本来であれば、術後数日で車いすに乗ったり、離床し始めるそうですが、母は全く出来ずにいました。
そして、転院してもなお吐き気とめまいが続き、リハビリが出来ない期間が続きました。
そんな時は、ベッド上でマッサージのように手足を動かして刺激を入れてもらっていました。
リハビリを始めるのは、早ければ早いほど良い(効果がある)と言われています。
私たちも運動しなければ筋力は衰えていきますよね。
それと同じように、仮に麻痺がない健康な状態の体であったとしても、寝ている時間が長ければそれだけ筋力が衰えてしまいます。
筋力が衰えれば、それだけ転倒やケガのリスクが上がります。
さらに、筋力だけでなく、身体機能そのものがうまく働かなくなってしまい兼ねません。
母は、急性期病院の頃を含めれば、1か月以上、離床できずにいました。
出来ることならすぐにでも離床を促したいところ。
しかし、無理に動かせば嘔吐やめまいを引き起こします。
いくらリハビリを早く始めるのが良いとはいえ、それが原因で全身状態が悪化しては元も子も有りません。

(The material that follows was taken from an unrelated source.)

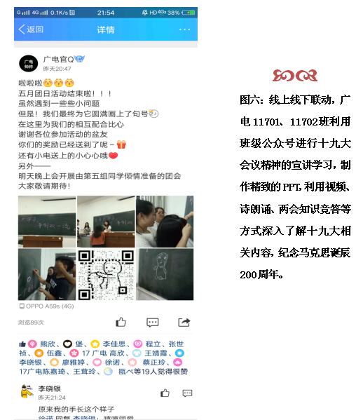 图五.广电17级的同学们,制作精美的PPT重温五四精神,用过去的精神激励当代的青年,同学们表示在日后的学习与班干工作中都要学习他们的精神,自觉履行自己的义务,将这份精神代入到实践中去。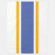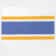 Dieses bunte Design zeichnet sich durch goldgelbe, schwebende Streifen aus, die einen breiten, lebhaften, fett blauen Mittelstreifen vor weißem Hintergrund hervorheben.

リハビリ病院の職員の皆さんも、どうしたものか…ときっと頭を抱えたことと思います。
その後、リハビリが出来るようになっても、尿路感染や、原因不明の微熱が続いたりでリハビリを中断せざるを得ないことも多かったです。
リハビリの意味
リハビリは決してラクなものではありません。
そして、リハビリは先生の力だけでは効果が限定的です。
そんな本人の強い意志があってこそ、効果を発揮することが出来るのだと思います。
そう考えると、母には
「家に帰りたい」はあっても、
「また歩きたい」
「また食べたい」
そのような気持ちは、入院期間を通して感じられませんでした。
やらないといけないから仕方なくやる、そんな雰囲気がありました。
動かない自分の体を、受け入れることが出来ずにいたのかもしれません。
食べても吐いてしまう体に、苦しんでいたのかもしれません。
経口摂取の訓練が終わりを迎え、「もう食べなくていいよ」と声をかけた時の心底嬉しそうな母の顔は今でも忘れられません。
再び歩けるようになることや、
再び口から食べられるようになることなど、
失いかけた機能が回復することは大変喜ばしいことです。
しかし、誰にとっても最善だとは限らないのだな…と母のリハビリを通して感じました。
患者一人ひとり、
疾患も、その度合いも違います。
患者一人ひとり、
目指している退院後の生活も、
そこへかける想いも違います。
入院患者の数と同じだけ、
リハビリのカタチがあるのだと思います。
そして、
入院中の頑張りや苦労を誰よりも知ってくれているのも、
退院後の生活、その後の人生がより豊かになることを願ってくれているのも、
リハビリの先生や病院の職員なのかもしれません。